Items from a dataset:
▼

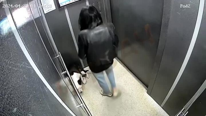 На кадрах видно, як жінка заходить у ліфт разом із собакою та починає бити її ногами та руками. Після того, як двері ліфта відчиняються зловмисниця швидко виходить з ліфта. Пес на деякий час залишається на самоті, але потім жінка повертається до нього, вистачає чотирилапого вихованця за передні лапи і тягне до під'їзду.
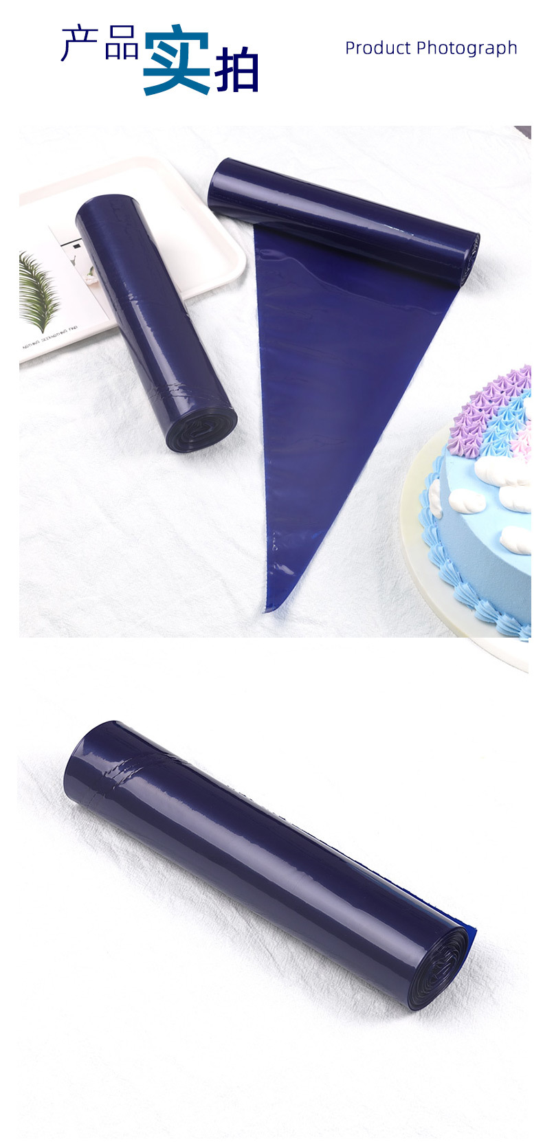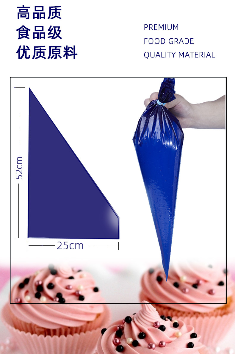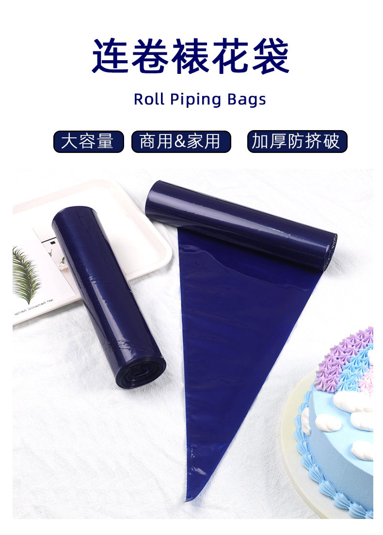 深蓝色等腰连卷裱花袋奶油袋糕点袋移液袋糖衣袋LDPE一次性挤花袋
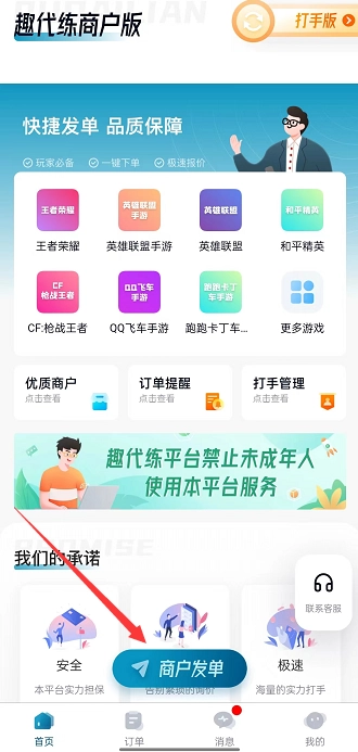 2. 在商户版首页的最底部,点击【商户发单】,或者也能够选择点击相关游戏。
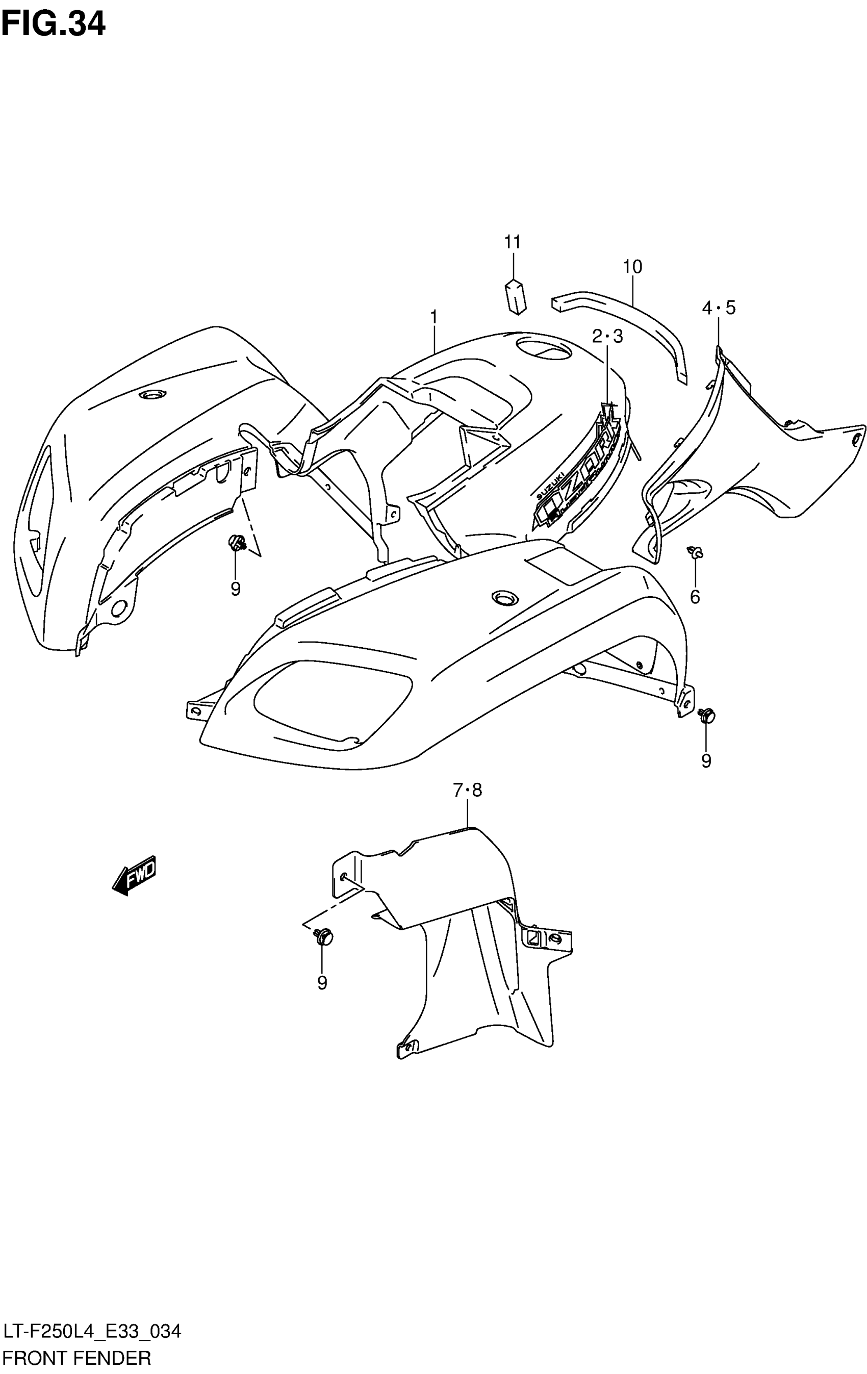 Suzuki LT-F250L4 (2014) FRONT FENDER Diagram
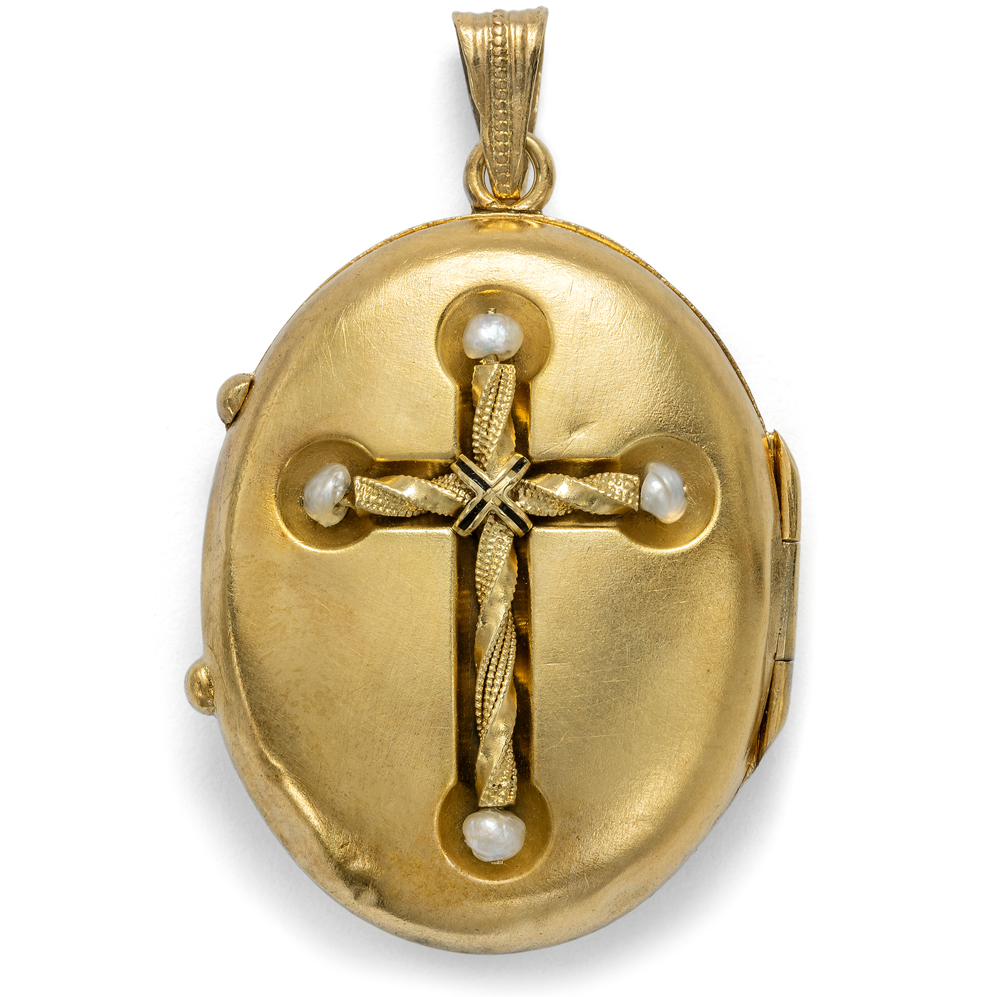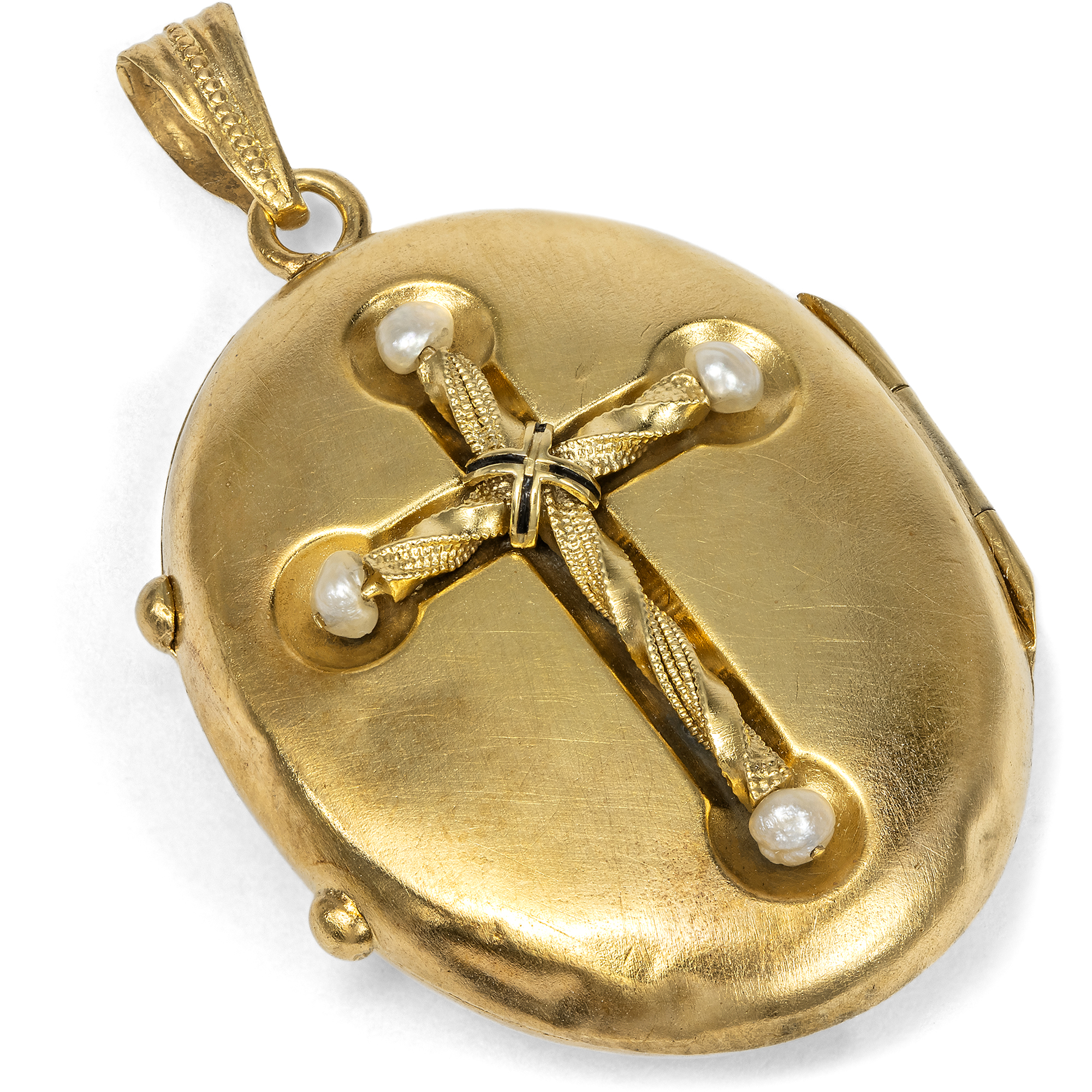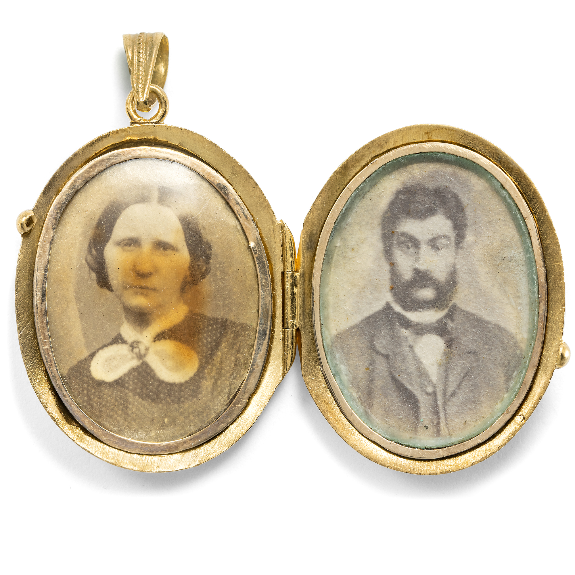 Die Schmuckkultur des 19. Jahrhunderts hielt eine große Vielzahl unterschiedlicher Schmuckstücke bereit, um Freunden, lieben Verwandten, sinhren Kindern oder beklagten Verstorbenen zu gedenken. Gerade Haar als besonders persönliches Material wurde im 18. und 19. Jahrhundert oft verwendet, um Liebesgaben oder Erinnerungsstücke an Freundschaften herzustellen. Medaillons und verschiedenste Amulette zeugen noch heute von dieser Tradition. Das hier vorliegende Medaillon ist so ein Stück. Der ovale Anhänger aus Gold lässt sich aufklappen und gibt dort den Blick frei auf durch Glas geschützte Rähmchen mit zwei historischen Fotografien. Auf dem vorderen Deckel befindet sich ein aufgelegtes Kreuz. An seinen Enden schimmern jeweils eine natürliche Perle, welche die Erinnerung an die im Inneren verwahrten Personen festhält und so die Aufgabe des Schmuckstücks versinnbildlicht. Perlen finden sich häufig auf Trauer- und Erinnerungsschmuckstücken, symbolisieren sie doch vergossenene Tränen. Das Medaillon ist in den Jahren um 1870 herum entstanden. Ovale, etwas bauchige Medaillons aus samtig schimmerndem Gold waren in den 1860er und 1870er Jahren eine große Mode. Ein zeitgenössischer Katalog der Londoner Firma Streeter aus dem Jahr 1870 zeigt, in welcher Vielfalt der Formen solche Stücke damals entstanden, vgl. online auch hier. Das Medaillon fand aus Bonn zu uns. Es kann wunderbar zum Aufbewahren neuer Erinnerungen dienen.
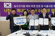 [경기뉴스원/경기뉴스1] | 전라남도 나주시가 캐나다 현지 대형 유통업체와 손잡고 지역 농수산식품의 글로벌 수출 확대에 나섰다. 나주시는 지난 24일 전라남도 농업기술원에서 캐나다 A-Mart와 500만 달러 규모의 농수산식품 수출 업무협약(MOU)을 체결했다고 27일 밝혔다. 최병화 대표는 나주 출신으로 2007년 캐나다 캘거리에서 아시아 식품 전문 유통업체를 설립해 현재 3개 매장을 운영하고 있다. 이번 협약은 ‘2025 국제농업박람회’ 기간 중 진행됐으며 윤병태 나주시장과 최병화 대표, 나주 수출업체 골든힐 한문철 대표가 참석해 나주 농수산물의 캐나다 수출 확대와 상호 협력을 약속했다. 앞서 시는 토론토 팬아시아푸드와의 협약에 이어 두 번째 캐나다 진출 성과를 거뒀으며 올해 9월 기준 캐나다로 약 366톤의 농수산물을 수출했다. 이번 협약으로 미주 지역 내 나주 농수산식품의 수출 기반이 한층 강화될 것으로 기대된다. 윤병태 나주시장은 “이번 협약은 나주 농산물의 글로벌 경쟁력을 높이는 중요한 계기”라며 “해외 판로를 다각화해 지역 농가의 실질적인 소득 증가로 이어지도록
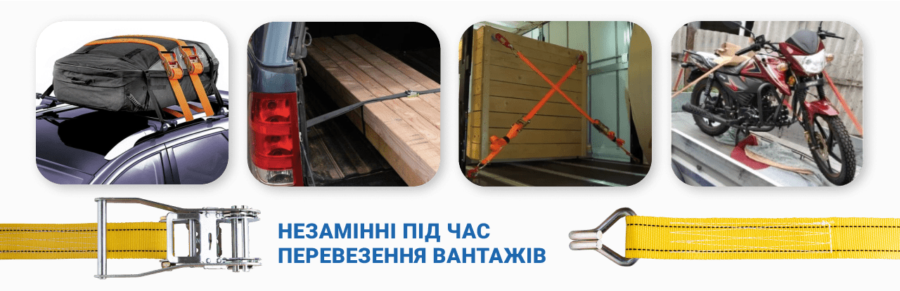 Важливо врахувати! Якщо вантаж великогабаритний або дуже важкий, швидкість руху висока, а дорога складна, можливо, знадобиться використання кількох ременів стяжок. Якщо Ви не впевнені у правильному виборі, завжди краще проконсультуватися з професіоналами або постачальниками, які можуть надати рекомендації відповідно до конкретних потреб і умов перевезення.
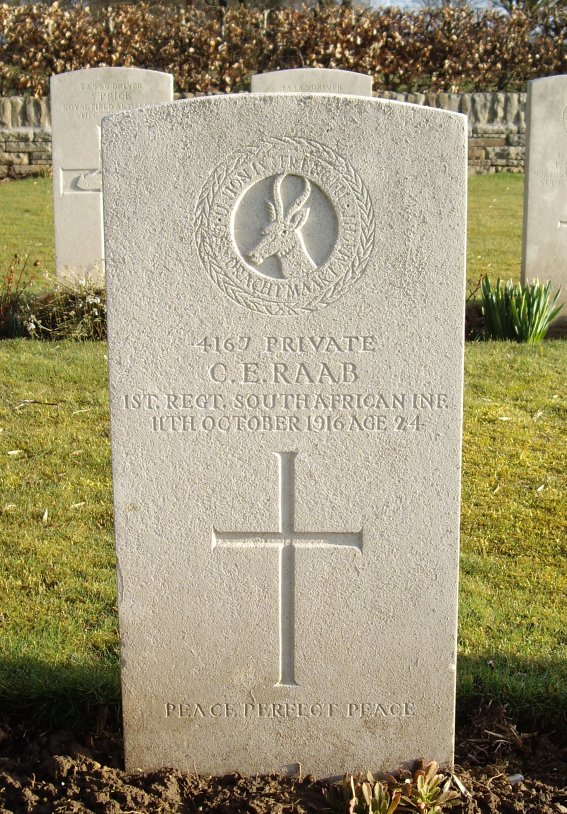 Grave B.9. Son of Mrs AE Raab, of 9, Park Lane, Uitenhage, Cape Province, and the late AJ Raab (Source : C.W.G.C.). Killed in action. Operations in front the Butte de Warlencourt. |

▲

ASSIGNMENT: Copy out exactly the lines above beginning with the line that contains "2. 在商户版首页的最底部,点击【商户发单】,或者也能够选择点击相关游戏。" and finishing with the line that contains "Die Schmuckkultur des", including both; leave the pictures out.

WRITTEN SOLUTION:
 2. 在商户版首页的最底部,点击【商户发单】,或者也能够选择点击相关游戏。
 Suzuki LT-F250L4 (2014) FRONT FENDER Diagram
 Die Schmuckkultur des 19. Jahrhunderts hielt eine große Vielzahl unterschiedlicher Schmuckstücke bereit, um Freunden, lieben Verwandten, sinhren Kindern oder beklagten Verstorbenen zu gedenken. Gerade Haar als besonders persönliches Material wurde im 18. und 19. Jahrhundert oft verwendet, um Liebesgaben oder Erinnerungsstücke an Freundschaften herzustellen. Medaillons und verschiedenste Amulette zeugen noch heute von dieser Tradition. Das hier vorliegende Medaillon ist so ein Stück. Der ovale Anhänger aus Gold lässt sich aufklappen und gibt dort den Blick frei auf durch Glas geschützte Rähmchen mit zwei historischen Fotografien. Auf dem vorderen Deckel befindet sich ein aufgelegtes Kreuz. An seinen Enden schimmern jeweils eine natürliche Perle, welche die Erinnerung an die im Inneren verwahrten Personen festhält und so die Aufgabe des Schmuckstücks versinnbildlicht. Perlen finden sich häufig auf Trauer- und Erinnerungsschmuckstücken, symbolisieren sie doch vergossenene Tränen. Das Medaillon ist in den Jahren um 1870 herum entstanden. Ovale, etwas bauchige Medaillons aus samtig schimmerndem Gold waren in den 1860er und 1870er Jahren eine große Mode. Ein zeitgenössischer Katalog der Londoner Firma Streeter aus dem Jahr 1870 zeigt, in welcher Vielfalt der Formen solche Stücke damals entstanden, vgl. online auch hier. Das Medaillon fand aus Bonn zu uns. Es kann wunderbar zum Aufbewahren neuer Erinnerungen dienen.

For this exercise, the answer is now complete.